A Índia, rival nuclear do Paquistão, respondeu positivamente à posição dos Estados Unidos de envolver-se mais para encontrar uma solução para o conflito afegão. O governo de Nova Déli afirmou que compartilha "preocupações e objetivos".

No Afeganistão reinava o júbilo pelas decisões tomadas por Washington.

"Hoje, os Estados Unidos mostraram que estão conosco, sem limite de tempo", declarou o presidente afegão, Ashraf Ghani, durante uma visita às tropas em Kandahar, berço dos talibãs afegãos.

Ghani também lançou uma advertência aos talibãs. "Não podes ganhar esta guerra.
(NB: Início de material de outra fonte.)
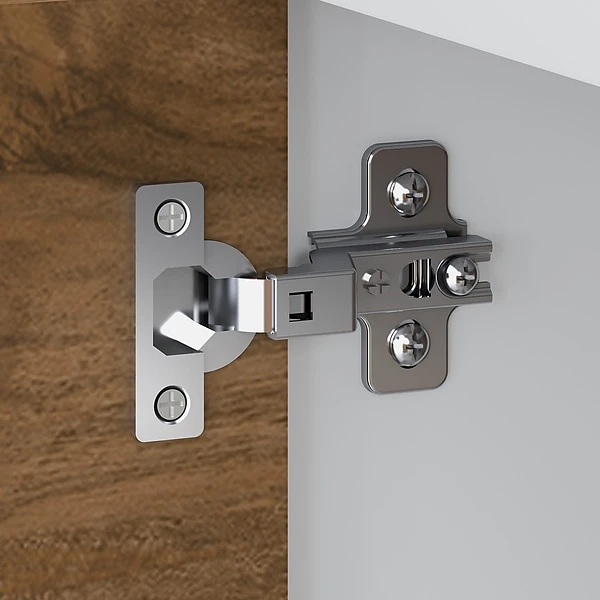 - Cabinet doors boast linear brushed satin nickel handles and open on smooth Euro-style hinges

As portas da paz e a negociação estão abertas para vocês".

- Continuará a "jihad" -

O secretário de Estado corroborou que os Estados Unidos estão dispostos a apoiar "sem pré-condições" as negociações de paz entre o governo e os talibãs.

Os talibãs, entretanto, responderam com sua habitual retórica bélica: "Enquanto restar um só soldado americano em nossa terra, e continuarem nos impondo a guerra, continuaremos com nossa jihad".
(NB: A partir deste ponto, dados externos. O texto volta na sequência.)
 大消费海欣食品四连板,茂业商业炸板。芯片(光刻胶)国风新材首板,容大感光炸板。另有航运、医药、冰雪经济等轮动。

Sobre o terreno, Trump autorizou o deslocamento de outros 3.900 soldados, que se unirão aos 8.400 que já estão no Afeganistão como parte de uma força internacional composta por 13.500 tropas, segundo uma fonte da Casa Branca.

Embora o aumento não seja espetacular - os Estados Unidos chegaram a ter até 100.000 soldados-, representa uma mudança de tendência em relação aos últimos anos.

O secretário-geral da Otan Jens Stoltenberg elogiou nesta terça-feira a postura de Trump e prometeu que a Aliança Atlântica não permitirá que o Afeganistão se transforme em um "refúgio para terroristas".

Dezesseis anos depois do início de uma grande ofensiva para tirar o regime talibã do poder em Cabul -e que se tornou na guerra mais longa da história americana-, a frágil democracia afegã está ameaçada por uma insurreição desestabilizadora.